== What needs to be done ==
With the images excluded, set down every line of the listing below exactly.

[[ Dataset excerpt, beginning ]]

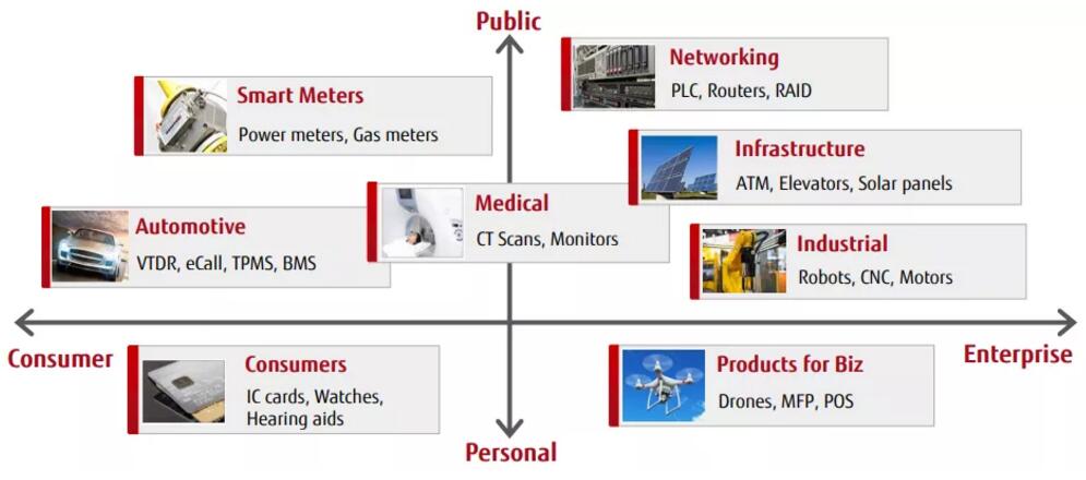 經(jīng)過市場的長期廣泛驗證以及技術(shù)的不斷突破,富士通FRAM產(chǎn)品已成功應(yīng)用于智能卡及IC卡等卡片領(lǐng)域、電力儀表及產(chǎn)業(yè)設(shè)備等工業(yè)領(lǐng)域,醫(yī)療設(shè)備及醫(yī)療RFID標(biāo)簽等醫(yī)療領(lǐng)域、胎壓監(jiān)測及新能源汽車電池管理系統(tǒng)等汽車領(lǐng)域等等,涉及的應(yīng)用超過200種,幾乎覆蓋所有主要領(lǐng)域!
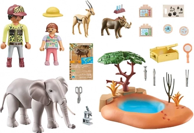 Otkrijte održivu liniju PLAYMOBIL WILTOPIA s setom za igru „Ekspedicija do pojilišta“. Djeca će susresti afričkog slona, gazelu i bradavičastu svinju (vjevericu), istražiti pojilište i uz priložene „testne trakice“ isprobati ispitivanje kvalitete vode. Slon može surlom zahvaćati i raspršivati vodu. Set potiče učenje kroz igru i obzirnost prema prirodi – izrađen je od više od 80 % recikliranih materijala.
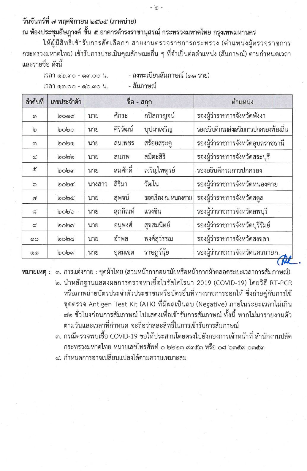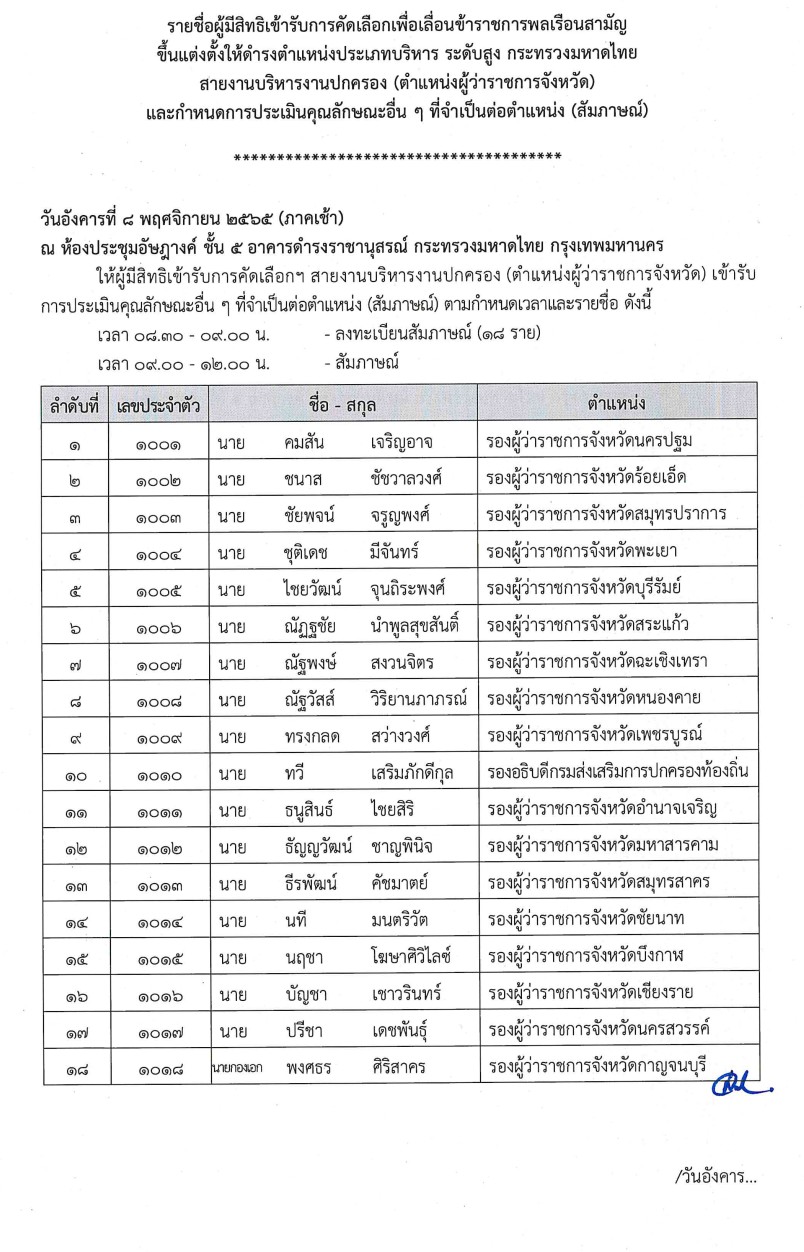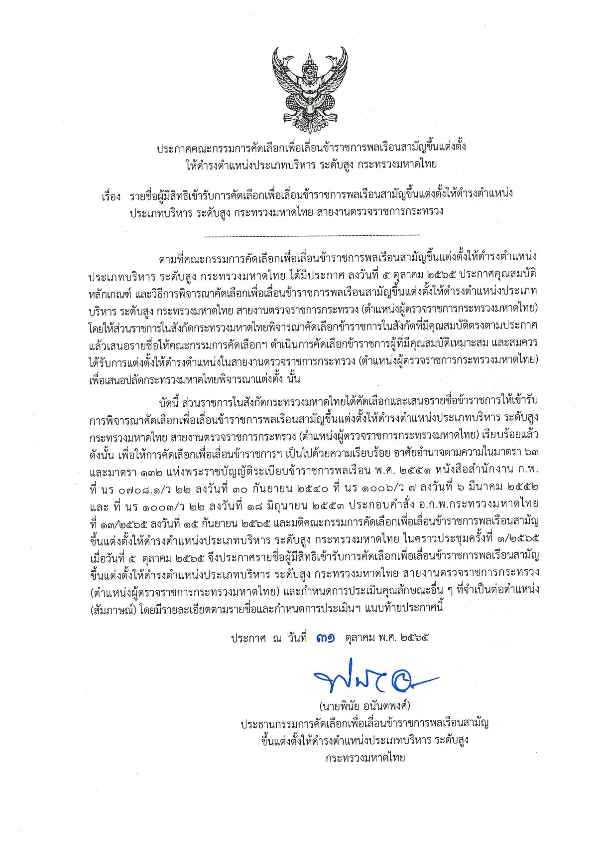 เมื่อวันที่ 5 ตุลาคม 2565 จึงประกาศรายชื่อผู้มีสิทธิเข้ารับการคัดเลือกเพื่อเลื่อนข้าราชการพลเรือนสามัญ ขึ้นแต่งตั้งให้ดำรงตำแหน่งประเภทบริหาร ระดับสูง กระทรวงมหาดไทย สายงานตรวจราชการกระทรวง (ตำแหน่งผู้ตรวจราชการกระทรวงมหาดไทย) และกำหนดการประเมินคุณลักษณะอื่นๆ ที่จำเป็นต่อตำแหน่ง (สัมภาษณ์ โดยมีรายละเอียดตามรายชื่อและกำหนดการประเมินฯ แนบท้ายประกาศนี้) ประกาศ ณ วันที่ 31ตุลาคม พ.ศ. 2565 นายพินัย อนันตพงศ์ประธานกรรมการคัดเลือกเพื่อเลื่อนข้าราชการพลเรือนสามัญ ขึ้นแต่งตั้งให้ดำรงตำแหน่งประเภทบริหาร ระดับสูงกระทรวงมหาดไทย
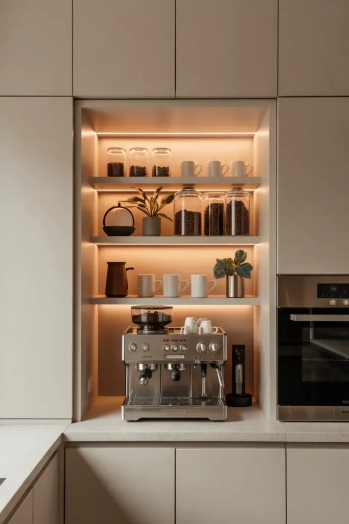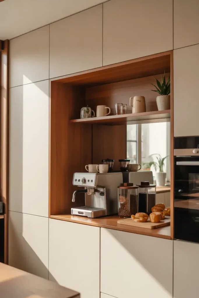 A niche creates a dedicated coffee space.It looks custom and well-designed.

[[ Dataset excerpt, end ]]

== Answer box ==
 經(jīng)過市場的長期廣泛驗證以及技術(shù)的不斷突破,富士通FRAM產(chǎn)品已成功應(yīng)用于智能卡及IC卡等卡片領(lǐng)域、電力儀表及產(chǎn)業(yè)設(shè)備等工業(yè)領(lǐng)域,醫(yī)療設(shè)備及醫(yī)療RFID標(biāo)簽等醫(yī)療領(lǐng)域、胎壓監(jiān)測及新能源汽車電池管理系統(tǒng)等汽車領(lǐng)域等等,涉及的應(yīng)用超過200種,幾乎覆蓋所有主要領(lǐng)域!
 Otkrijte održivu liniju PLAYMOBIL WILTOPIA s setom za igru „Ekspedicija do pojilišta“. Djeca će susresti afričkog slona, gazelu i bradavičastu svinju (vjevericu), istražiti pojilište i uz priložene „testne trakice“ isprobati ispitivanje kvalitete vode. Slon može surlom zahvaćati i raspršivati vodu. Set potiče učenje kroz igru i obzirnost prema prirodi – izrađen je od više od 80 % recikliranih materijala.
 เมื่อวันที่ 5 ตุลาคม 2565 จึงประกาศรายชื่อผู้มีสิทธิเข้ารับการคัดเลือกเพื่อเลื่อนข้าราชการพลเรือนสามัญ ขึ้นแต่งตั้งให้ดำรงตำแหน่งประเภทบริหาร ระดับสูง กระทรวงมหาดไทย สายงานตรวจราชการกระทรวง (ตำแหน่งผู้ตรวจราชการกระทรวงมหาดไทย) และกำหนดการประเมินคุณลักษณะอื่นๆ ที่จำเป็นต่อตำแหน่ง (สัมภาษณ์ โดยมีรายละเอียดตามรายชื่อและกำหนดการประเมินฯ แนบท้ายประกาศนี้) ประกาศ ณ วันที่ 31ตุลาคม พ.ศ. 2565 นายพินัย อนันตพงศ์ประธานกรรมการคัดเลือกเพื่อเลื่อนข้าราชการพลเรือนสามัญ ขึ้นแต่งตั้งให้ดำรงตำแหน่งประเภทบริหาร ระดับสูงกระทรวงมหาดไทย
 A niche creates a dedicated coffee space.It looks custom and well-designed.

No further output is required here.